To this end, we first defined an http_server structure. This http_server is essentially a TCPServer, but the callback function exposed to the application is simpler. You only need to see the http_request and http_response structures.

typedef int (*request_callback)(struct http_request *httpRequest, struct http_response *httpResponse);

struct http_server {
    struct TCPserver *tcpServer;
    request_callback requestCallback;
};

In http_server, the key point is to complete the analysis of the message and convert the parsed message into an http_request object. This is done through the http_onMessage callback function. In the http_onMessage function, parse_http_request is called to complete the message parsing.

// buffer是框架构建好的,并且已经收到部分数据的情况下
// 注意这里可能没有收到全部数据,所以要处理数据不够的情形
int http_onMessage(struct buffer *input, struct tcp_connection *tcpConnection) {
    yolanda_msgx("get message from tcp connection %s", tcpConnection->name);

    struct http_request *httpRequest = (struct http_request *) tcpConnection->request;
    struct http_server *httpServer = (struct http_server *) tcpConnection->data;

    if (parse_http_request(input, httpRequest) == 0) {
        char *error_response = "HTTP/1.1 400 Bad Request\r\n\r\n";
        tcp_connection_send_data(tcpConnection, error_response, sizeof(error_response));
        tcp_connection_shutdown(tcpConnection);
    }

    //处理完了所有的request数据,接下来进行编码和发送
    if (http_request_current_state(httpRequest) == REQUEST_DONE) {
        struct http_response *httpResponse = http_response_new();

        //httpServer暴露的requestCallback回调
        if (httpServer->requestCallback != NULL) {
            httpServer->requestCallback(httpRequest, httpResponse);
        }

        //将httpResponse发送到套接字发送缓冲区中
        struct buffer *buffer = buffer_new();
        http_response_encode_buffer(httpResponse, buffer);
        tcp_connection_send_buffer(tcpConnection, buffer);

        if (http_request_close_connection(httpRequest)) {
            tcp_connection_shutdown(tcpConnection);
            http_request_reset(httpRequest);
        }
    }
}

HTTP uses carriage return and line feed as the boundary of the HTTP message protocol:

                 

The idea of ​​parse_http_request is to find the boundary of the message and record the current state of the parsing work. According to the sequence of the analysis work, the message analysis work is divided into four stages: REQUEST_STATUS, REQUEST_HEADERS, REQUEST_BODY and REQUEST_DONE, and the method of parsing in each stage is different.
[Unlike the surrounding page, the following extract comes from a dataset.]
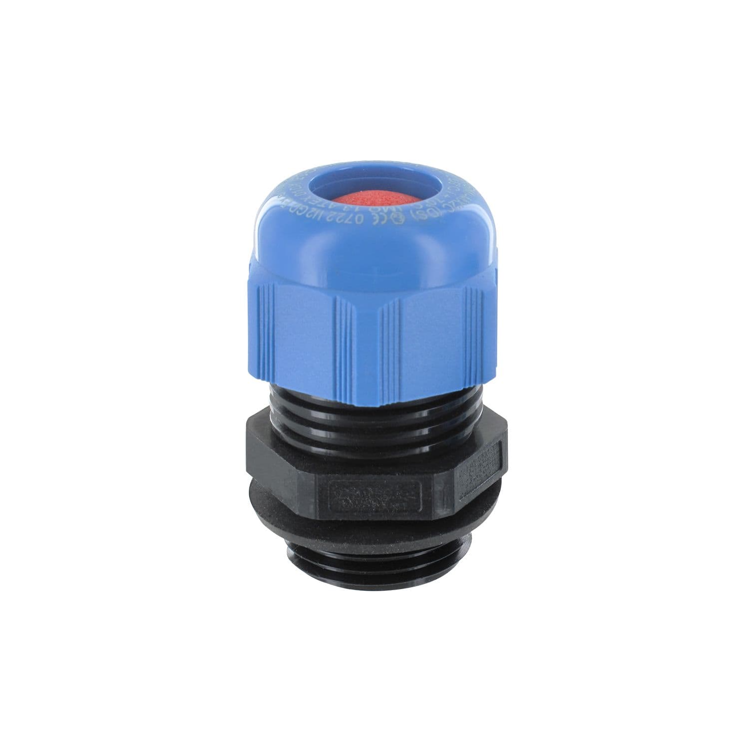 Presse-étoupe ATEX Exi à Lamelles, tenue au choc 4 Joules, en polyamide 6, filetage ISO 20 bis, pour câbles non armés de diamètre 10 à 14 mm, couleur bleu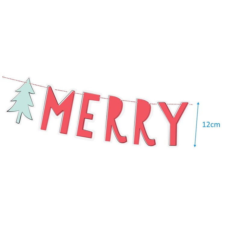 - The banner consists of red letters, Christmas tree motifs and 2 metres of red string for DIY crafts. Size of one letter: approx. 12 cm, total length: 120 cm

When parsing the status line, first define the status line by locating the position of the CRLF carriage return and line feed. When entering the status line parsing, find the space character again as the separation boundary.

When parsing the header settings, it is also the first to define a set of key-value pairs by locating the position of the CRLF carriage return and line feed, and then to find the colon character as the separation boundary.

Finally, if the colon character is not found, the work of parsing the header is complete.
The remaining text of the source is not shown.